◆ **TASK INPUT**:
+++++

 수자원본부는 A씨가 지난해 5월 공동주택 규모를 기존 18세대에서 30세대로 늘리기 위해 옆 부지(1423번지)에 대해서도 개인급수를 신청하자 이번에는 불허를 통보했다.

+++++

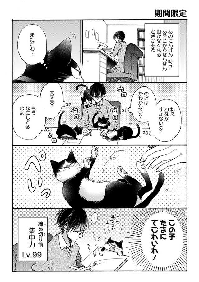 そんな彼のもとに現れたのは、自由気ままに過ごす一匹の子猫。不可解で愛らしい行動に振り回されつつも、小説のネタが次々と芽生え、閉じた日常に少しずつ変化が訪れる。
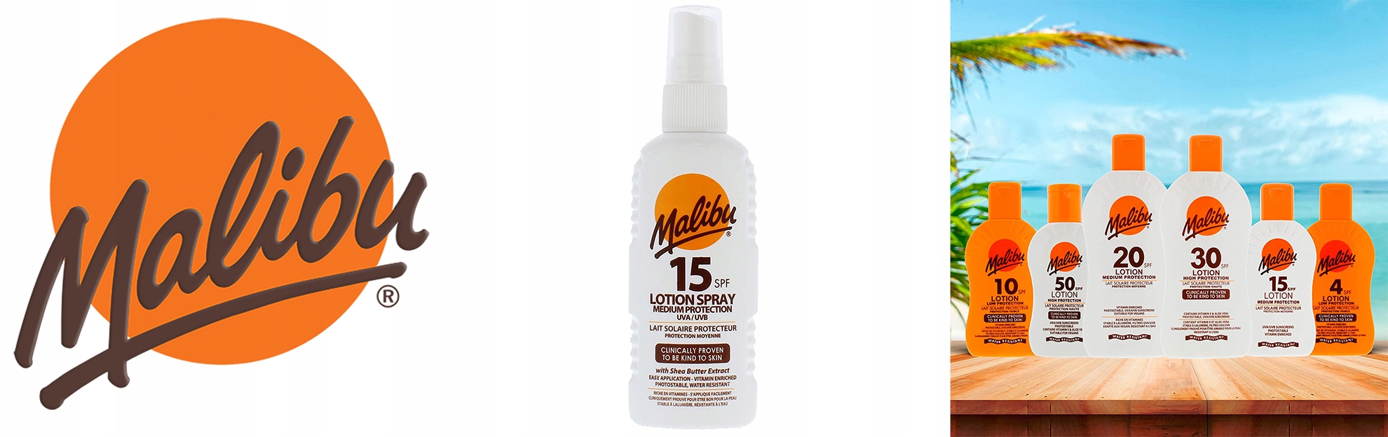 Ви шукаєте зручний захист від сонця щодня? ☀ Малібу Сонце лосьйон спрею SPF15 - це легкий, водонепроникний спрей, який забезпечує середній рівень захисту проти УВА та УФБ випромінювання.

+++++

◆ **ACTIVITY**:
Leaving each picture behind, please give again exactly the lines above from the one with "そんな彼のもとに現れたのは、" through the one with "Ви шукаєте зручний", both included, and no others.

◆ **TASK SOLUTION**:
 そんな彼のもとに現れたのは、自由気ままに過ごす一匹の子猫。不可解で愛らしい行動に振り回されつつも、小説のネタが次々と芽生え、閉じた日常に少しずつ変化が訪れる。
 Ви шукаєте зручний захист від сонця щодня? ☀ Малібу Сонце лосьйон спрею SPF15 - це легкий, водонепроникний спрей, який забезпечує середній рівень захисту проти УВА та УФБ випромінювання.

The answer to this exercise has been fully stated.